An active stage usually looks like this:

conf.d/
include.conf
startup.log
status
zones.d/

At this point i had plenty of bad stages for all my packages, so i decided to purge all stages except the active one:

for package_path in /var/lib/icinga2/api/packages/;
do package=${package_path##
/};
export active_stage=$(cat ${package_path}/active-stage);
for stage_path in /var/lib/icinga2/api/packages/${package}/* ; do
stage=${stage_path##*/};
if [ “${#stage}” -eq 36 ] && [ ! “${stage}” = ${active_stage} ]; then
rm -rf $stage_path;
fi ;
done ;
done

→ Not related to this issue, but please tell me if theres a better way to do this. The api allows for deletion of single stages which seems a bit cumbersome if there are a lot of packages/stages.

The removal of any unused stages for all packages made the issue vanish instantly. The next ansible run went through without issues. I’ve decided to do these purges at regular intervals until i’ve managed to get to the core of this issue.

Does this weird behavior ring a bell with you guys?
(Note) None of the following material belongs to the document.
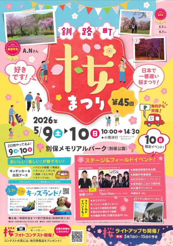 今年で、45回を迎える桜まつり。会場となる別保公園には、約700本のエゾヤマザクラ、クシロヤエザクラが咲きます。キッチンカーやテント販売、ふわふわ遊具の営業、ステージイベント等も予定されています。
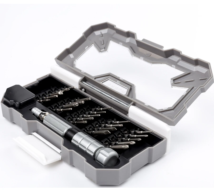 Большое спасибо и продавцу и производителю за товар! Аккуратно и надежно упаковано - пакет, пупырка, картонный короб с прокладкой, защитная пленка на отверточной коробке! Сам набор - высокотехнологичное изделие: удлинитель отвертки фиксируется на любом промежуточном положении и подпружинен (выпрыгивает при нажиме на кольцо фиксатора). Очень приятный инструмент!

I’ve had this in icinga2 2.10 and now also in 2.11.4 .

Hello, about this point i have observed it happens when icinga is validating the config, so the status file has not been written yet, but as soon as it is validated (or fails), you should have a result for the query on status. Same logic should apply for the startup.log url.

If you need to purge everything and start up from something fresh, you can also directly erase your package with the related api command and then recreate it with the configuration required for your previous active stage
https://icinga.com/docs/icinga2/latest/doc/12-icinga2-api/#deleting-configuration-package

I dont think i can help you much more, i guess your best chance to get more informations to understand what’s going on is either to strace icinga process when it’s validating to confirm system didn’t denied some ressources to it, or either attach a debugger to icinga process.
https://icinga.com/docs/icinga2/latest/doc/21-development/#debug-icinga-2

It also can be a known problem by the icinga team, i’d advise you to wait for them to answer here.